» **DATA PROVIDED**:
::::
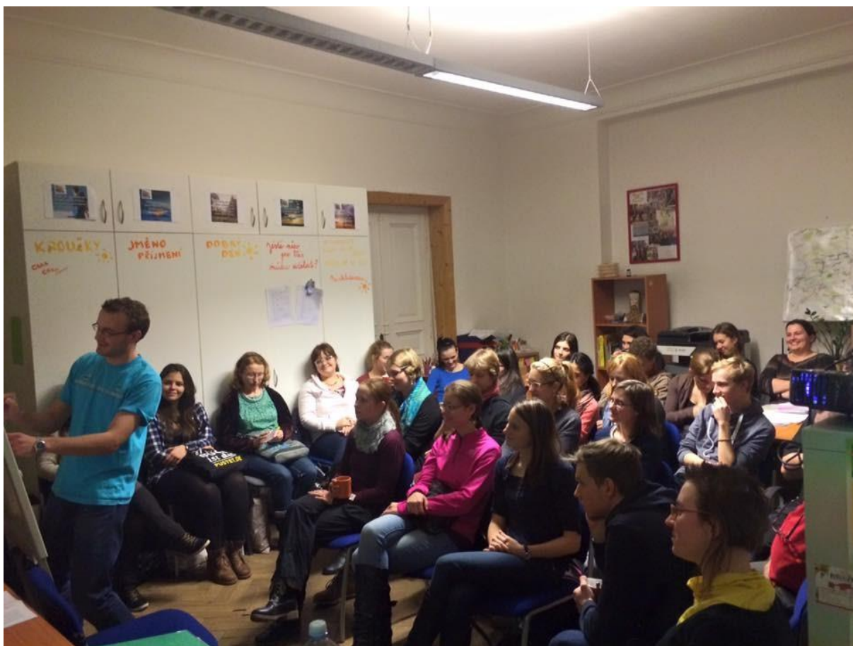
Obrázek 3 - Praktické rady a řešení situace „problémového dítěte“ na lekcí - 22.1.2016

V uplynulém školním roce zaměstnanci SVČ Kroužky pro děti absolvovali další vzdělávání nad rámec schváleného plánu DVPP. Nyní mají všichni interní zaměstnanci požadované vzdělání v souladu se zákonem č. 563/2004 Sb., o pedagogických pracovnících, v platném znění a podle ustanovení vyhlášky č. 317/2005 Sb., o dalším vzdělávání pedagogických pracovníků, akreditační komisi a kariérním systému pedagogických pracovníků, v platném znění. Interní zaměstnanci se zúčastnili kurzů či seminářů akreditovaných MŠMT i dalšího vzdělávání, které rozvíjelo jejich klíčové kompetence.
::::
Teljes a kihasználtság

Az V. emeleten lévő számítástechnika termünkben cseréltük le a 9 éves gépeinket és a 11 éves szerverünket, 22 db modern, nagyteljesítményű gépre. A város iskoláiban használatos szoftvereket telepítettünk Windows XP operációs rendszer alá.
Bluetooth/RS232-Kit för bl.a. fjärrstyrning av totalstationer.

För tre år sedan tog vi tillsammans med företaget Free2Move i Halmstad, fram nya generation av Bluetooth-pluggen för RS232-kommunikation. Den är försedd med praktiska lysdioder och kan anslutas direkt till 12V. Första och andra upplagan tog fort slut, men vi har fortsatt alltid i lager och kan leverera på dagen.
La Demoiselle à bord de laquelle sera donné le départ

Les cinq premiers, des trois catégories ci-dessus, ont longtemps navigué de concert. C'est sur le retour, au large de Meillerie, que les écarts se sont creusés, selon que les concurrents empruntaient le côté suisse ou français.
::::
» **EXERCISE GOAL**: With the line that has "För tre år sedan" as the first and the line that has "Les cinq premiers, des" as the last, repeat exactly that run of lines above and no more.

» **PROBLEM SOLUTION**:
För tre år sedan tog vi tillsammans med företaget Free2Move i Halmstad, fram nya generation av Bluetooth-pluggen för RS232-kommunikation. Den är försedd med praktiska lysdioder och kan anslutas direkt till 12V. Första och andra upplagan tog fort slut, men vi har fortsatt alltid i lager och kan leverera på dagen.
La Demoiselle à bord de laquelle sera donné le départ

Les cinq premiers, des trois catégories ci-dessus, ont longtemps navigué de concert. C'est sur le retour, au large de Meillerie, que les écarts se sont creusés, selon que les concurrents empruntaient le côté suisse ou français.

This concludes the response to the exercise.